How has the Centre evolved with the city itself? The Centre’s business has continued to grow and has been supported by the increasing awareness of Brisbane and Queensland. Being located in the entertainment and cultural precinct of South Bank has also been an asset to the Centre. South Bank has been reimagined several times since the Centre opened and we are very fortunate to have a selection of great hotels and restaurants plus our Performing Arts Centre, Museum and Art Galleries within a five minute walk from the Centre.

We have also worked closely with a number of our partners to maximise the opportunities of the area. In particular, our relationship with Queensland Ballet has been in place for nine years. The Centre hosts opening nights for the Ballet which are in the Performing Arts Centre and a parade of attendees take the short walk from QPAC across the road to BCEC to celebrate another wonderful performance.

Further opportunities have come to pass with our cultural neighbours with the Centre hosting regular events with the Queensland Symphony Orchestra, particularly the Harry Potter. Presents series. The size of the Centre’s Great Hall gives greater opportunities for the QSO and exposure for BCEC in areas other than conventions and exhibitions.

Our Advocates Partnership has been a spectacular success and is regarded by our Chairman Harvey Lister as the best program of its kind. This program has evolved from the continuing development of Brisbane’s world-leading scientists and researchers.

The Advocates Partnership supports State Government key development areas and has assisted in securing 135 conventions worth $190 million of business for the Centre and Queensland since its inception.

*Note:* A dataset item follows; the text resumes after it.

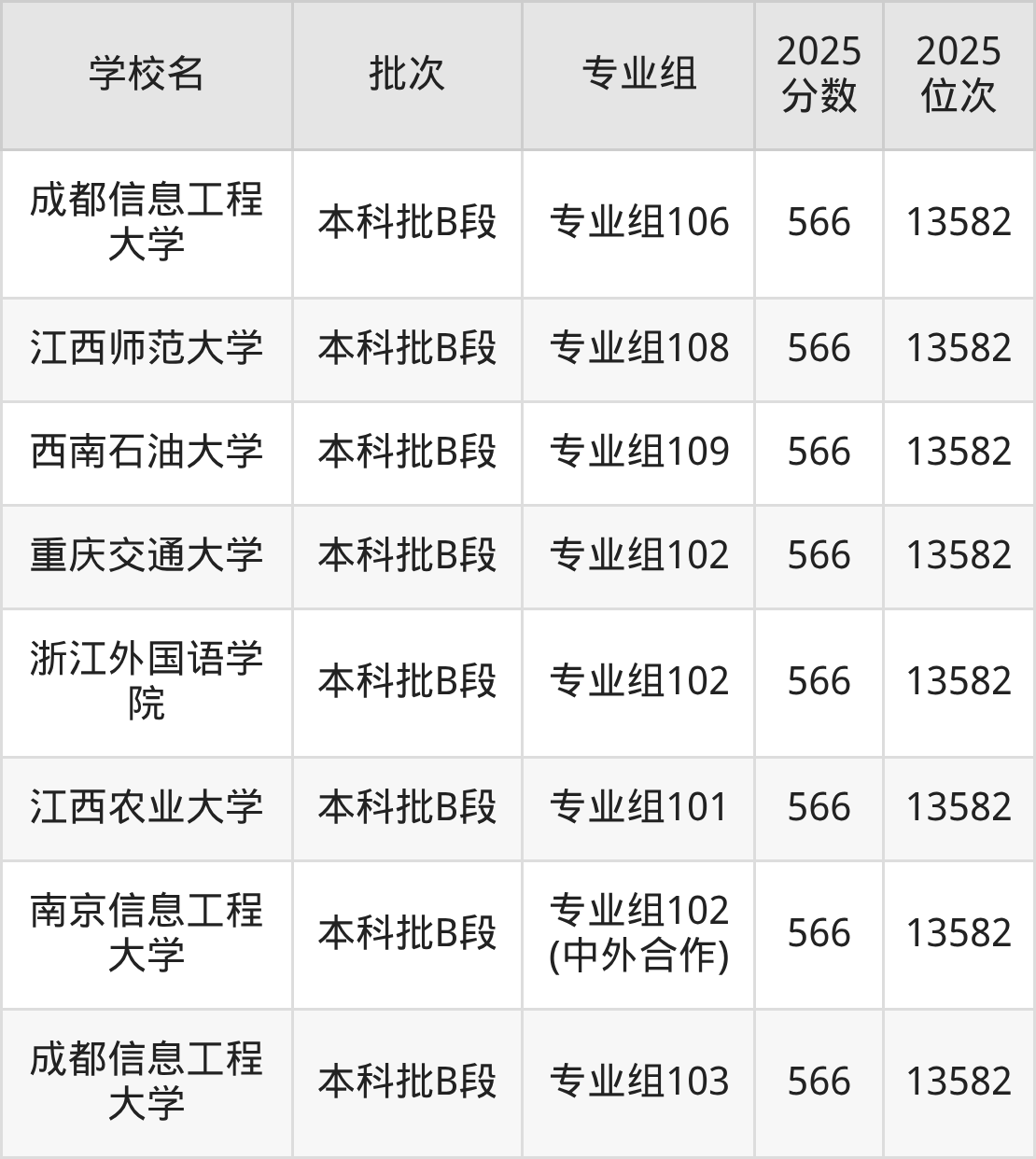 另外录取位次低于该区间(较稳妥)的有南京信息工程大学专业组102(中外合作)(13582名)、西安外国语大学专业组101(13582名)等;录取位次高于该区间(可冲)的有浙江传媒学院专业组102(12900名)、山东师范大学专业组103(12900名)等。

Brisbane is in the middle of further evolution with the Brisbane Airport having added a second runway, the Queen’s Wharf development nearing completion which is changing the face of the city and will be linked to BCEC by a pedestrian bridge and of course, the Olympics will make a significant difference to the city between now and 2032.

How important is the Brisbane Olympics in 2032? This event is a turning point for Brisbane. The opportunity for international awareness of the destination will increase exponentially. Research undertaken by ASM Global into hosting of conventions in previous Olympic cities has determined two peak times for opportunities and growing business. BCEC is setting up its Olympic Task Force to continue to plan for the opportunities and growth of the future.

We see that, whilst there is no need to make any significant adjustments to the Centre to host the four Olympic sports and four Paralympic sports as well as the Media Centre, we believe there will be opportunities for significant upgrades to the Centre’s external façade and entrances, as well as the incorporation of usual technological changes that will take place over the next 10 years.

What aspects will you be dealing with in your new role? My new role as Chief Operating Officer – Venue Operations, ASM Global APAC is charged with overseeing all operational aspects of venues in the ASM Global APAC portfolio. The role has developed to provide strategic leadership, management and vision to support the ongoing growth and development of the ASM Global APAC portfolio of venues across the region.

This will cover dealing with operating convention centres, arenas and stadiums throughout Australia, New Zealand, Asia and the Middle East.

I will also retain involvement directly with BCEC in the new position of CEO following the appointment of Kym Guesdon as general manager.